The profile's hashes come from the emulator source code (ground truth).
Any hash of a given file set of bytes is a projection of that same
ground truth — sha1, md5, crc32 all identify the same bytes. If the
profile has ONE ground-truth hash, the DB can supply its siblings.
Lookup order (all are hash-anchored, never name-based):
1. SHA1 direct
2. MD5 -> SHA1 via indexes.by_md5
3. CRC32 -> SHA1 via indexes.by_crc32 (weaker 32-bit anchor,
requires size match when profile has size)
Name-based enrichment is NEVER used: a name alone has no ground-truth
anchor, the file in bios/ may not match what the source code expects.
Multi-hash entries (lists of accepted variants) are left untouched to
preserve variant information.
"""
# Skip multi-hash entries — they express ground truth as "any of these N
# variants", enriching with a single sibling would lose that information.
for h in ("sha1", "md5", "crc32"):
if isinstance(entry.get(h), list):
return
files_db = db.get("files", {})
indexes = db.get("indexes", {})
record = None
# Anchor 1: SHA1 (strongest)
sha1 = entry.get("sha1")
if sha1 and isinstance(sha1, str):
record = files_db.get(sha1)
# Anchor 2: MD5 (strong)
if record is None:
md5 = entry.get("md5")
if md5 and isinstance(md5, str):
by_md5 = indexes.get("by_md5", {})
ref = by_md5.get(md5.lower())
if ref:
ref_sha1 = ref if isinstance(ref, str) else (ref[0] if ref else None)
if ref_sha1:
record = files_db.get(ref_sha1)
# Anchor 3: CRC32 (32-bit, collisions theoretically possible).

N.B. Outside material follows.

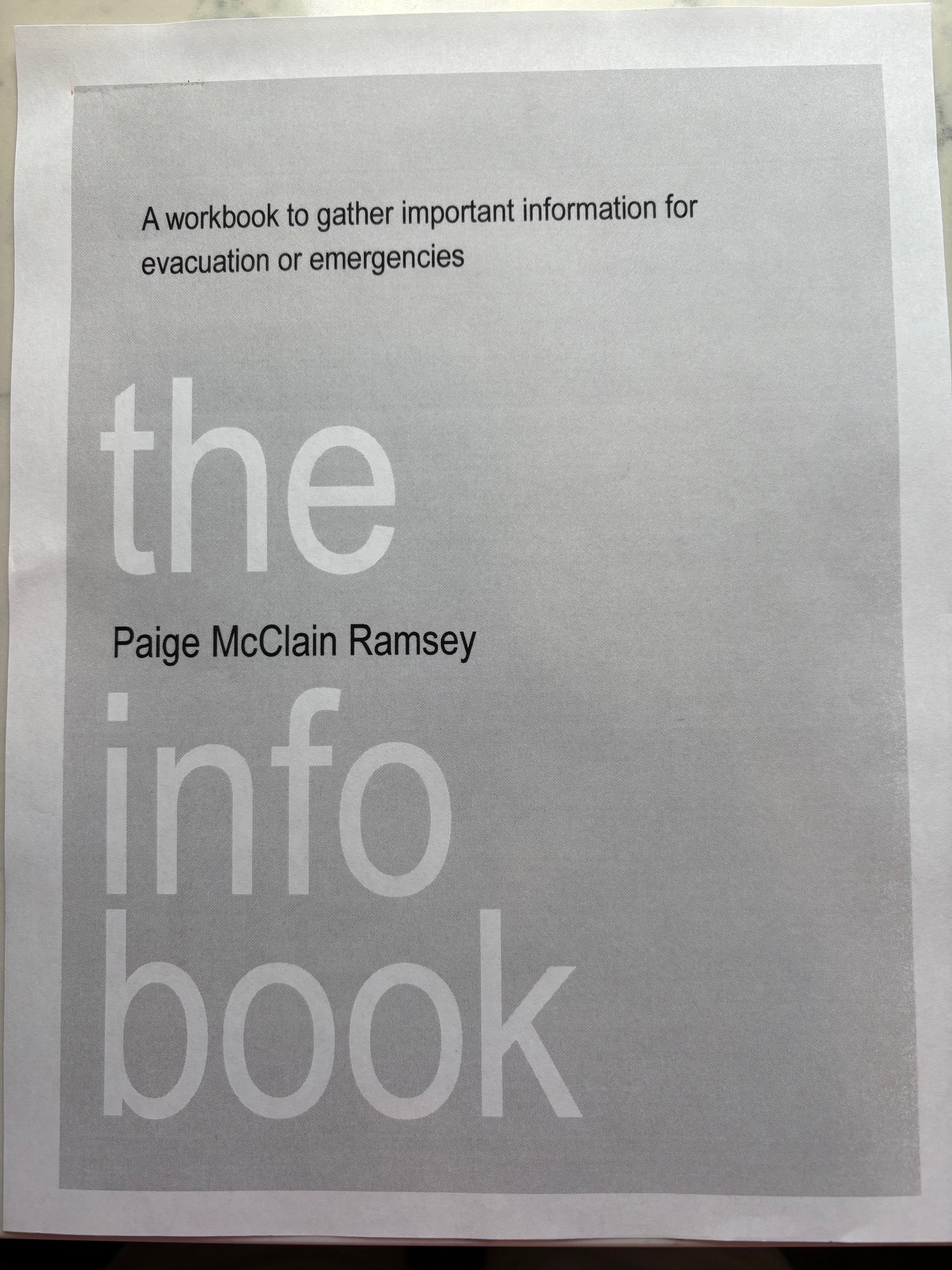 The Info Book is a workbook designed to gather important information for evacuation or emergencies. With all the recent fires, tornados, and hurricanes it became more important than ever to have ALL your information gathered and documented. It is also just as important for you to have this for your spouse or family/friends in the case of an accident or death.

# Require size match when profile has a size to guard against collisions.
if record is None:
crc = entry.get("crc32")
if crc and isinstance(crc, str):
by_crc32 = indexes.get("by_crc32", {})
ref = by_crc32.get(crc.lower())
if ref:
ref_sha1 = ref if isinstance(ref, str) else (ref[0] if ref else None)
if ref_sha1:
candidate = files_db.get(ref_sha1)
if candidate is not None:
profile_size = entry.get("size")
if not profile_size or candidate.get("size") == profile_size:
record = candidate
if record is None:
return
# Copy sibling hashes and size from the anchored record.
# These are projections of the same ground-truth bytes.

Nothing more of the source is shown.